Research output: Contribution to journalArticle

11 Scopus citations

Abstract

A common feature of the animal sialyltransferases (STs) is the presence of four conserved motifs, namely large (L), small (S), very small (VS) and motif III. Although sialic acid (SA) has not been detected in plants, three orthologues containing sequences similar to the ST motifs have been identified in the Arabidopsis thaliana L. database. In this study, we report that the gene (Gene ID: 824043) codes for a Golgi resident protein lacking the ability to transfer SA to asialofetuin or Galβ1,3GalNAc and Galβ1,4GlcNAc oligosaccharide acceptors.

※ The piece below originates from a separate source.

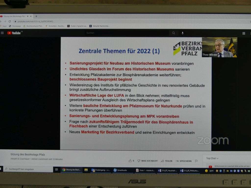 Der Bezirkstag Pfalz hat in seiner gut viereinhalbstündigen Videokonferenz, die per Livestream übertragen wurde, nach eingehender Diskussion einstimmig bei einer Enthaltung den Haushalt 2022 für den Bezirksverband Pfalz verabschiedet. Das Gesamtvolumen beträgt im kommenden Jahr 108,3 Millionen Euro (gegenüber 109,5 Millionen Euro im Vorjahr). „Der Haushalt ist ausgeglichen“, sagte Bezirkstagsvorsitzender Theo Wieder in seiner Etatrede. Dies sei „unabdingbar notwendig“ gewesen, da ansonsten „die Genehmigung des Haushalts stark gefährdet“ sei. Der Etat beinhalte allerdings wegen der Corona-Pandemie „erhebliche Risiken“. Zentrale Themen des kommenden Jahres seien das Voranbringen der Sanierung des Neubaus und des Glasdachs über dem Foyer des Historischen Museums der Pfalz, die bauliche Weiterentwicklung der Pfalzakademie zur Biosphärenakademie, der Wiedereinzug des Instituts für pfälzische Geschichte und Volkskunde, die Betrachtung der wirtschaftlichen Lage der Landwirtschaftlichen Untersuchungs- und Forschungsanstalt (LUFA), das bauliche Voranbringen des Pfalzmuseums für Naturkunde und des Museums Pfalzgalerie und die Entwicklung eines neuen Marketings für den Bezirksverband Pfalz und seine Einrichtungen. Des Weiteren soll die Fortentwicklung des Hofguts Neumühle und der Pfalzbibliothek sowie die Umsetzung eines dreigliedrigen Führungsmodells beim Pfalztheater vorangetrieben, das Modell der umgekehrten Integration am Pfalzinstitut für Hören und Kommunikation gesichert, die neuen Aufgaben in die Organisationsstruktur der Zentralverwaltung aufgenommen und die Denkwerkstätten weitergeführt werden. Schließlich gehe es um die konsequente Bekämpfung der Pandemie.

Restoration of deteriorated motifs S, VS and motif III by constructing chimeric proteins consisting of the 28-308 amino acid region of the A. thaliana ST-like protein and the 264-393 amino acid region of the Oryza sativa L. ST-like protein, or of the 28-240 amino acid region of the protein and the 204-350 amino acid region of the Homo sapiens L. α2,3-ST () was not able to recover sialyltransferase activity. Altering the appropriate amino acid regions of the A. thaliana ST-like protein to those typical for the mammalian motif III (HHYWE) and VS motif (HDADFE) also did not have any effect. Our data, together with previous results, indicate that A. thaliana in particular, and plants in general, do not have transferases for SA. Substrates for the plant ST-like proteins might be compounds involved in secondary metabolism.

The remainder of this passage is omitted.